Namun, sarjana sastra sering memprioritaskan haiku Basho, membuat tiga lainnya dalam daftar menjadi
sangat kurang, apalagi membahas tema-tema tertentu seperti bunga sakura. Terlebih lagi, para sarjana
akan menyoroti perspektif artistik para penyair ini dibandingkan dengan karya puitis mereka. Misalnya,
salah satu dari Empat Besar, Yosa Buson, juga dikenal sebagai pelukis, dan oleh karena itu para
cendekiawan seperti Inose (2017) berfokus pada karya artistik Bunjinga (文人画, “lukisan literati”) Buson
daripada haiku-nya. Meskipun Kisanuki (2002) membuat analisis tentang haiku Masaoka Shiki, anggota
lain dari Empat Besar, tetapi penekanannya adalah keterkaitan pandangan Shiki tentang tarian Noh (能)
dalam haiku dan teorinya tentang pertunjukan tradisional. Selain itu, analisis haiku dilakukan melalui
kritik sastra, sehingga menunjukkan sedikit usaha untuk menghubungkan struktur sintaksis dan aspek
linguistik serta pencitraan untuk memastikan emosi dari haiku yang bersangkutan. Isla (2017)

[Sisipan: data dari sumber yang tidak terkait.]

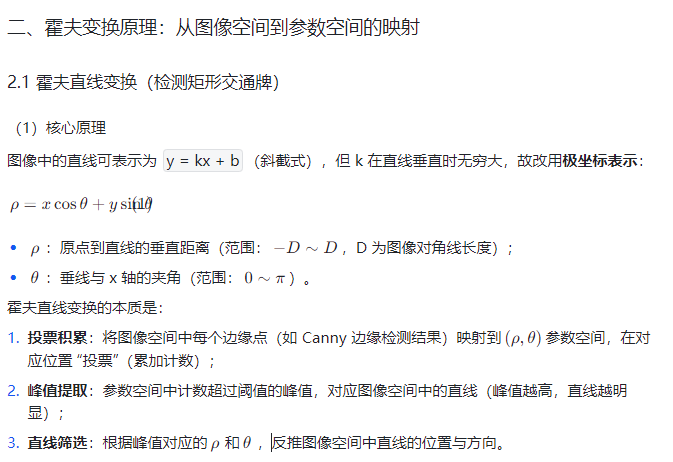 传统识别方法易受复杂背景(树木、建筑物、行人)、光照变化(阴天、逆光)、交通牌倾斜影响,而霍夫变换通过 **“图像空间→参数空间” 的映射 **,能高效检测图像中的直线、圆形等规则形状,恰好适配交通牌的形状特征:
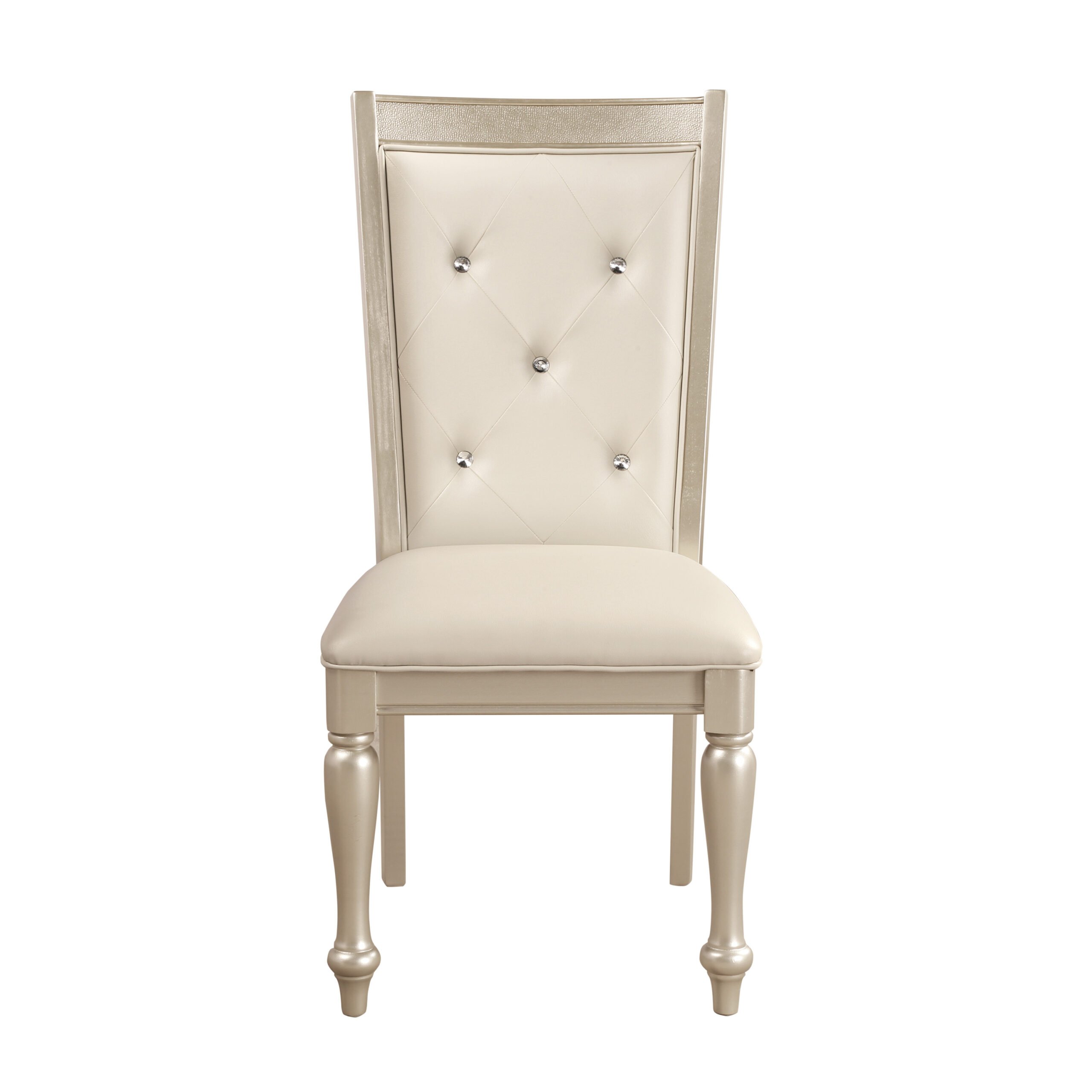 Designed and developed In: U.S.A, Solid wood frame chair, Finish Silver, Faux leatherupholstery, Crystal Button tufted chair back, Weight Capacity – 113.39 Kgs, Dining Table
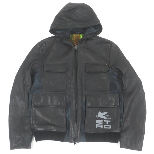 極美品□ETRO エトロ イールスキン 裏シルク混 中綿入り ボンバージャケット レザーブルゾン ボルドー XL イタリア製 正規品 メンズ【中古】
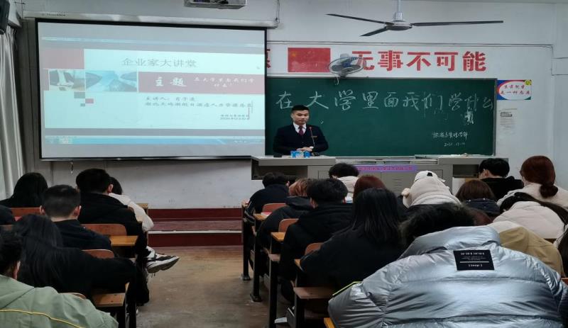 (通讯员 王晶)2020年12月10日下午4时,武汉外语外事职业学院旅游管理和国际邮轮乘务管理专业的全体学生在教学楼202教室听取了由湖北天屿湖假日酒店人力资源总监肖子遥演讲的“在大学里面我们学什么?”的主题讲座。肖总监主要从三个方面进行了讲述:一是学习如何保持心理和身体健康,二是学习自我魅力的塑造,三是学习人生礼仪。
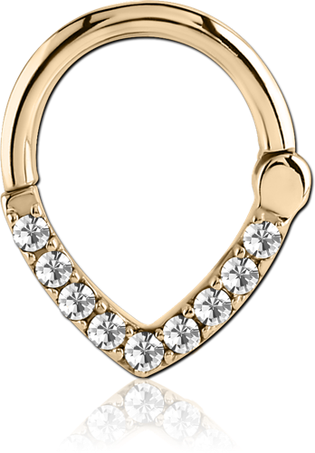 STERILE ZIRCON GOLD PVD COATED SURGICAL STEEL GRADE 316L ROUND JEWELED HINGED SEPTUM CLICKER
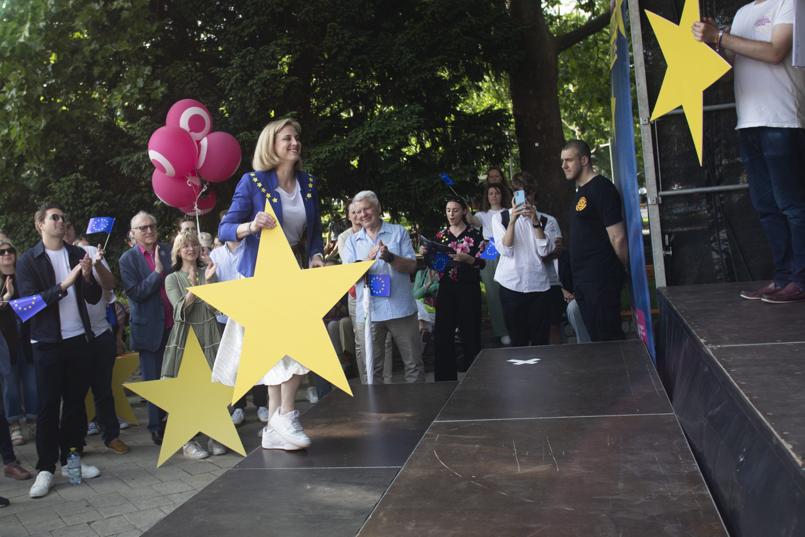 Abschließend wurde noch die Listenzweite Anna Stürgkh auf die Bühne geholt, der es bei der Wahl um die "Energieunion" und den Ausstieg aus russischem Gas geht. "Wir dürfen unser Europa nicht von den Rechtsextremen und den Linksextremen zerstören lassen, und werden Putin die Stirn bieten."

menggambarkan citraan dalam haiku yang dapat dideskripsikan dalam satu, dua, atau tiga kata; haiku
yang efektif adalah yang mencapai keseimbangan yang tepat antara berbicara terlalu banyak dan tidak
cukup. Penjelasan ini tidak jelas dan ini meremehkan peran stilistika linguistik yang sebenarnya dalam
haiku. Psikolinguistik seperti Minagawa (2017) mempresentasikan hasil tentang konstruksi dan
interpretasi haiku di tengah masyarakat kontemporer. Meskipun demikian, ini berarti bahwa sudut
pandang relativistik dari barang-barang tertentu seperti bunga sakura dan sintaksis diakronis Jepang dari
haiku kontemporer akan berbeda dari haiku selama era Empat Besar. Oleh karena itu, penelitian ini akan
mengisi kekosongan literatur tentang stilistika linguistik serta studi perbandingan haiku di antara empat
penyair tentang bunga sakura, simbolisme utama dalam penelitian ini. Studi ini juga berfungsi sebagai
upaya ekspositori untuk memusatkan keempat penyair ini untuk dipertimbangkan oleh para ahli gaya
dan sarjana sastra dalam penelitian mereka di masa depan.